**TASK TO COMPLETE:**
After locating the line with "Короткие коричневые парики" in the entries below, output it and each following line up to and including the line with "For each storm, the", exactly and without pictures.

**RECORDS PROVIDED:**

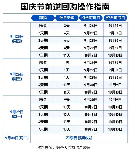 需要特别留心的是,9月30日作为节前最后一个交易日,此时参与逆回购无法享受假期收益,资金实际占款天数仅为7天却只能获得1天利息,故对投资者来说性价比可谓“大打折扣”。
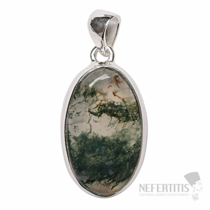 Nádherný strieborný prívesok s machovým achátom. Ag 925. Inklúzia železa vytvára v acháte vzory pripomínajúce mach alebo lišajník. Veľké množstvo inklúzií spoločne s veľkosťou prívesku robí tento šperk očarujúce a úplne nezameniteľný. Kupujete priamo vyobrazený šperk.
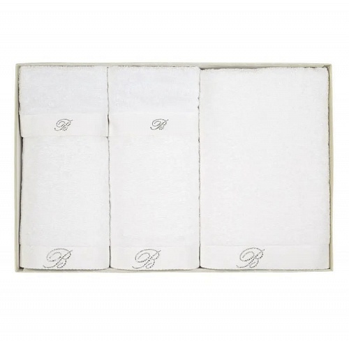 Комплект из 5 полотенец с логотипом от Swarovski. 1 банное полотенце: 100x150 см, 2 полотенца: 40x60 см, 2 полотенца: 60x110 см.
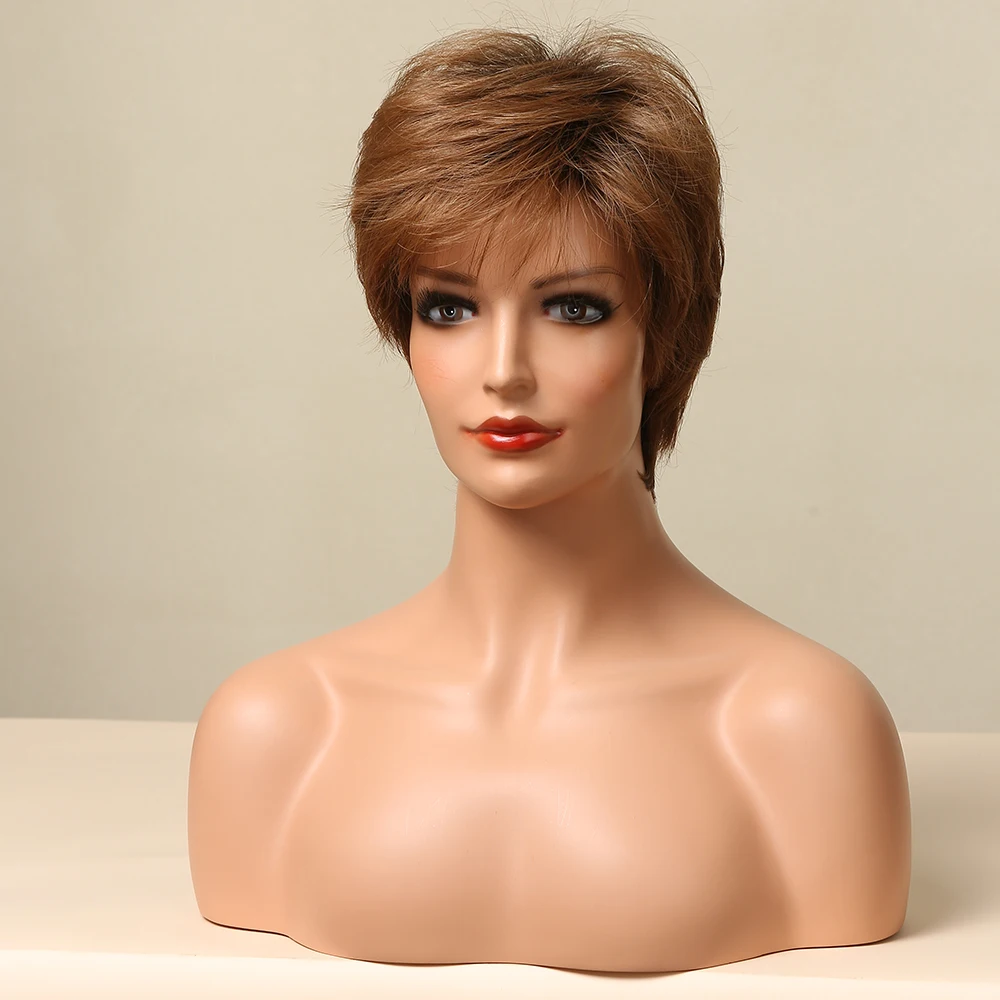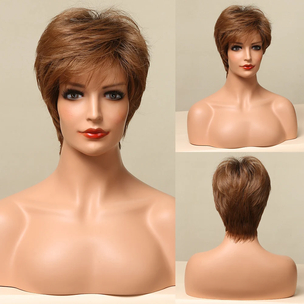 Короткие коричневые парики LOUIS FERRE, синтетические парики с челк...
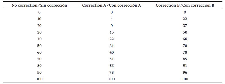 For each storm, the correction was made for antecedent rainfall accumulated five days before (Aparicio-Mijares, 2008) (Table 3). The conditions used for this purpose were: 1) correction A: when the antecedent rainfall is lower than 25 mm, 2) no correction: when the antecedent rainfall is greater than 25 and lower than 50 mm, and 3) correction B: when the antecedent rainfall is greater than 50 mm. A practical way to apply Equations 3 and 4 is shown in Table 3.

...

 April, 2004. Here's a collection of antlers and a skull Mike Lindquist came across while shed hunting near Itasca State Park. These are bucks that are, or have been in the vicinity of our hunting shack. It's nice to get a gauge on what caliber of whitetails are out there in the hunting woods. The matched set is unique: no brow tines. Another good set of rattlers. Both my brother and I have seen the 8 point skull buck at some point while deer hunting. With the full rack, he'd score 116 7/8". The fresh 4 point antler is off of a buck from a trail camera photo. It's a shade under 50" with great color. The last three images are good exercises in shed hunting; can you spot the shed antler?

--

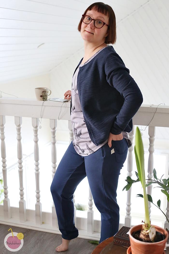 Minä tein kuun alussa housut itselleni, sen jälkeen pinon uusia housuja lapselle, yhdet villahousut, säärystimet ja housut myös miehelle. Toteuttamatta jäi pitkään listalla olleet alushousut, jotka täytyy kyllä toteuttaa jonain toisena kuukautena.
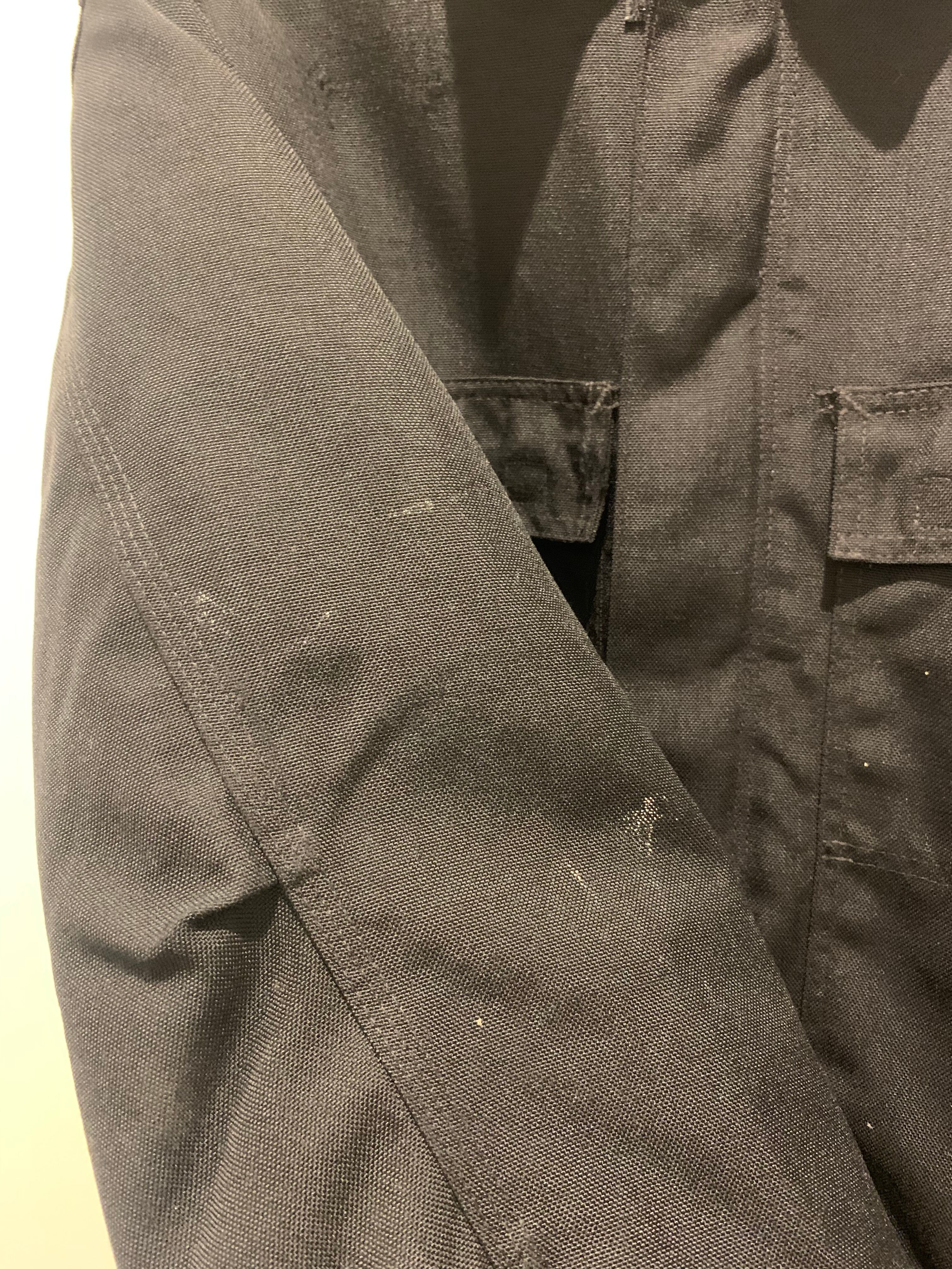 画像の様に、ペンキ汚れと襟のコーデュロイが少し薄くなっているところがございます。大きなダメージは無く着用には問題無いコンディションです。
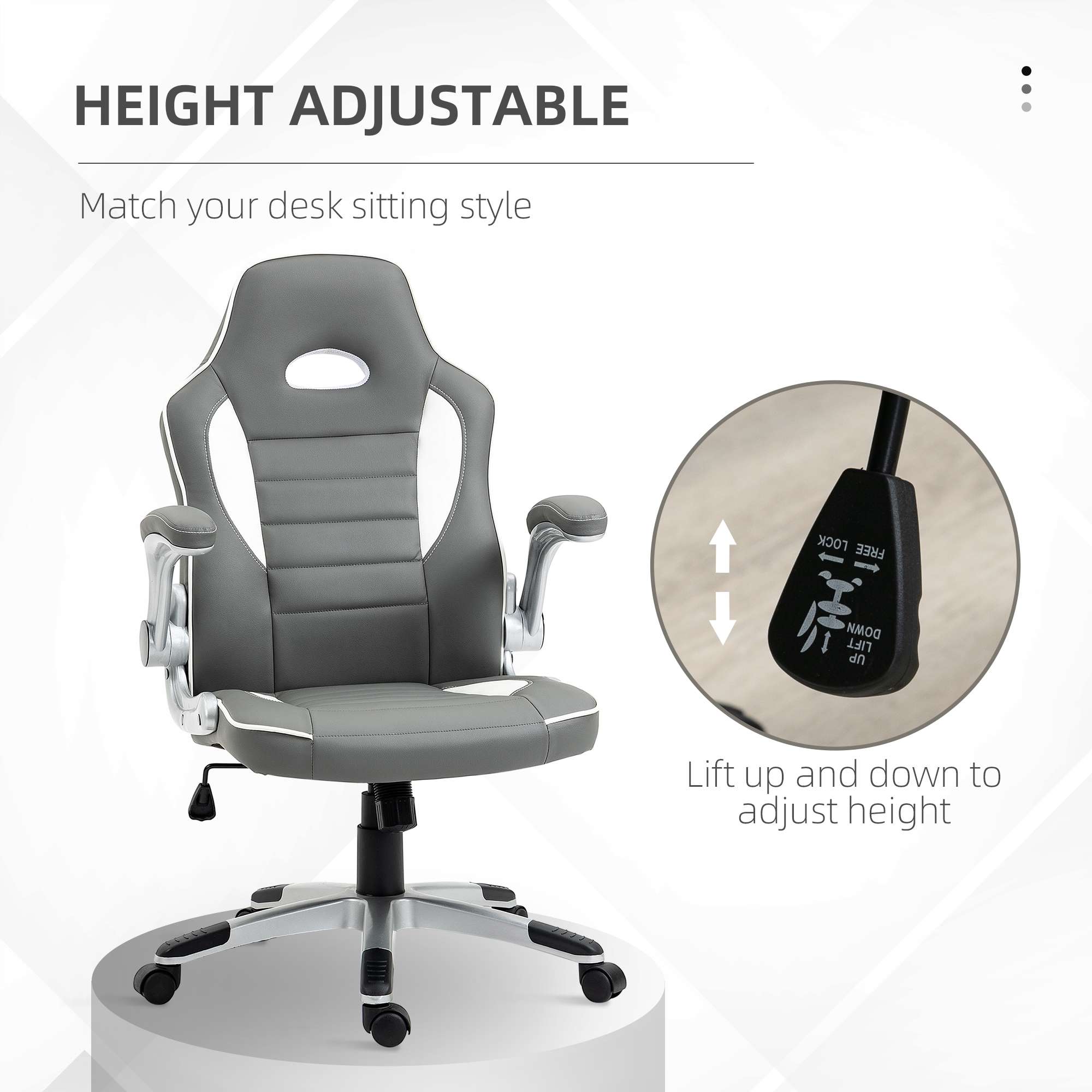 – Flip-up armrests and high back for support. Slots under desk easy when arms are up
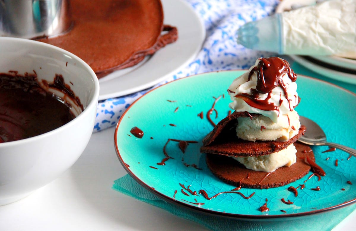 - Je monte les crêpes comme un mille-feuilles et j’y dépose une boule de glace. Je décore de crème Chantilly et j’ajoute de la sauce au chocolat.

**RESPONSE:**
 Короткие коричневые парики LOUIS FERRE, синтетические парики с челк...
 For each storm, the correction was made for antecedent rainfall accumulated five days before (Aparicio-Mijares, 2008) (Table 3). The conditions used for this purpose were: 1) correction A: when the antecedent rainfall is lower than 25 mm, 2) no correction: when the antecedent rainfall is greater than 25 and lower than 50 mm, and 3) correction B: when the antecedent rainfall is greater than 50 mm. A practical way to apply Equations 3 and 4 is shown in Table 3.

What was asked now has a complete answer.